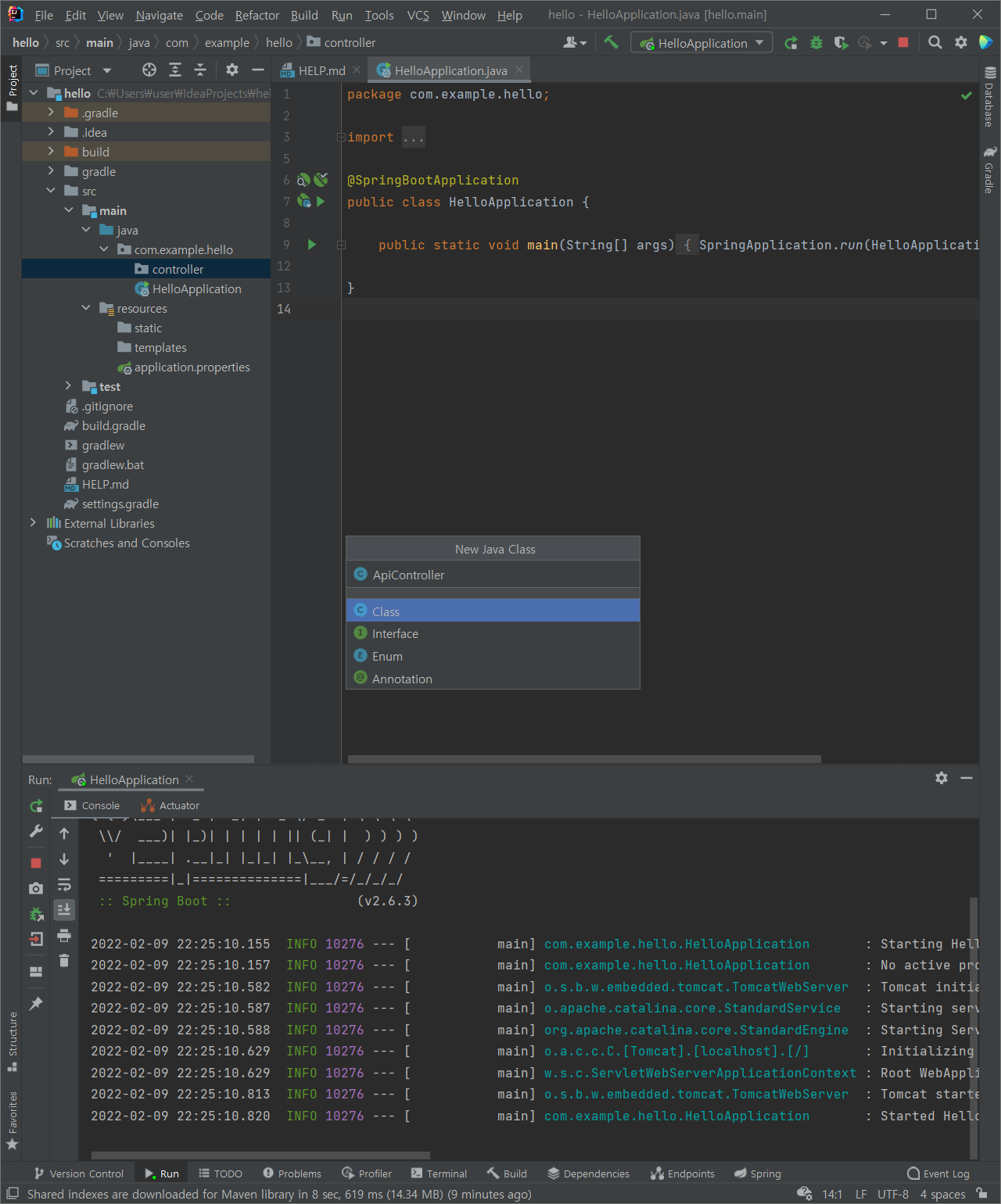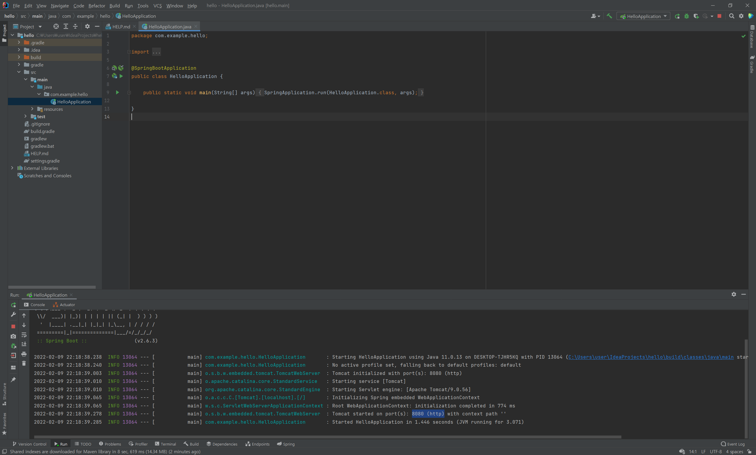 (3) hello > src > main > java > com.example.hello > HelloApplication 를 Run 해본다 (단축키: Ctrl + Shift + F10)
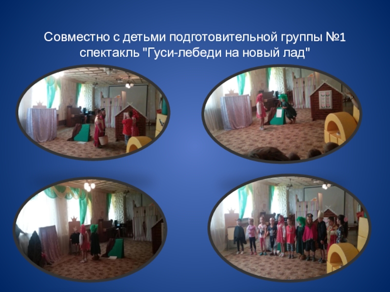 Слайд 28Совместно с детьми подготовительной группы №1 спектакль "Гуси-лебеди на новый лад"
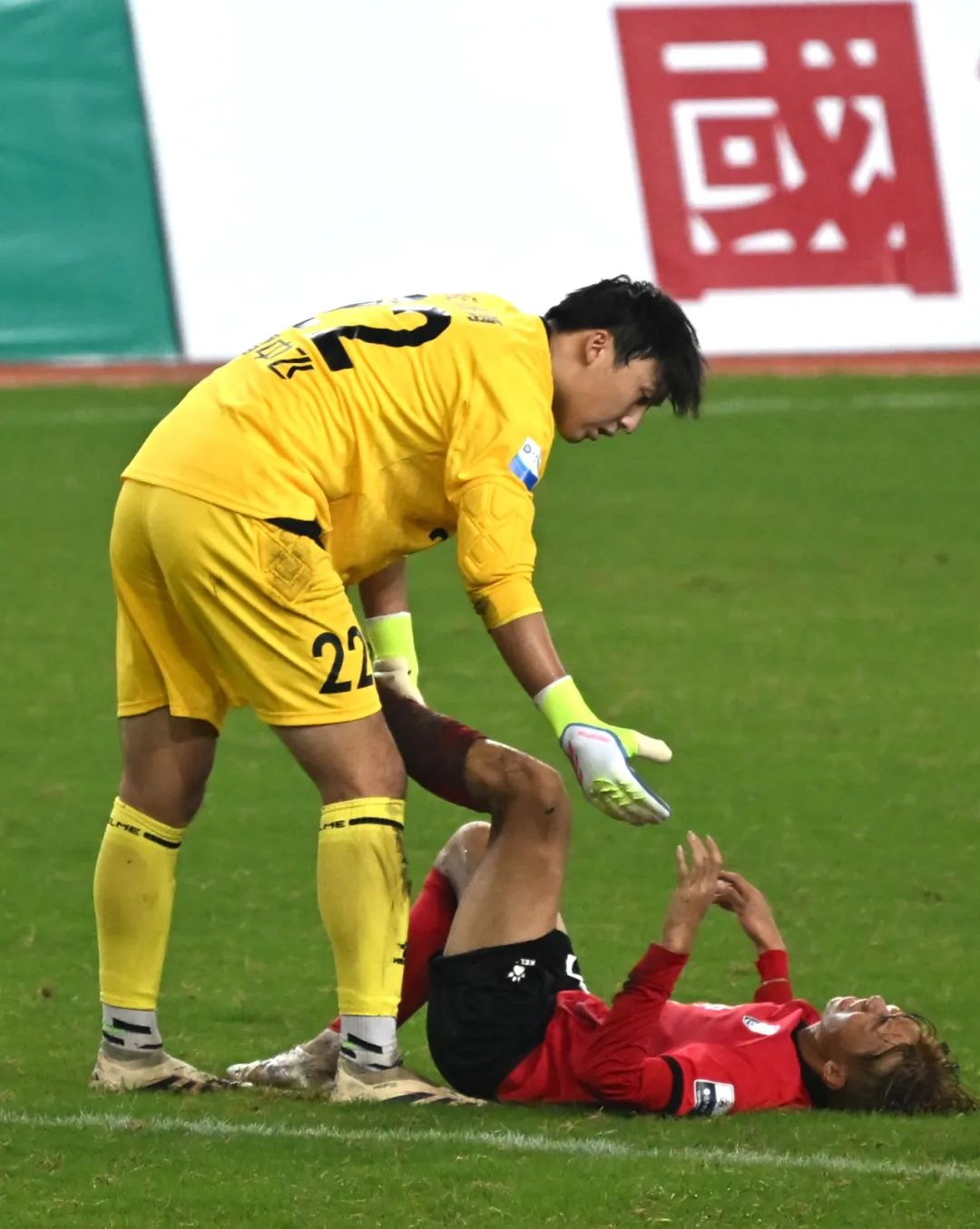 8月2日,“苏超”第八轮,淮安队VS苏州队比赛在淮安市体育中心激情上演。21:09分,苏州队守门员帮助淮安队队员缓解伤痛,彰显赛场上的体育精神。余萍 摄

▶ _What to produce_:
The expected output is exactly the lines from the one containing "Слайд 28Совместно с" through the last line of the listing, both included, with every picture left out.

▶ _Result for this exercise_:
 Слайд 28Совместно с детьми подготовительной группы №1 спектакль "Гуси-лебеди на новый лад"
 8月2日,“苏超”第八轮,淮安队VS苏州队比赛在淮安市体育中心激情上演。21:09分,苏州队守门员帮助淮安队队员缓解伤痛,彰显赛场上的体育精神。余萍 摄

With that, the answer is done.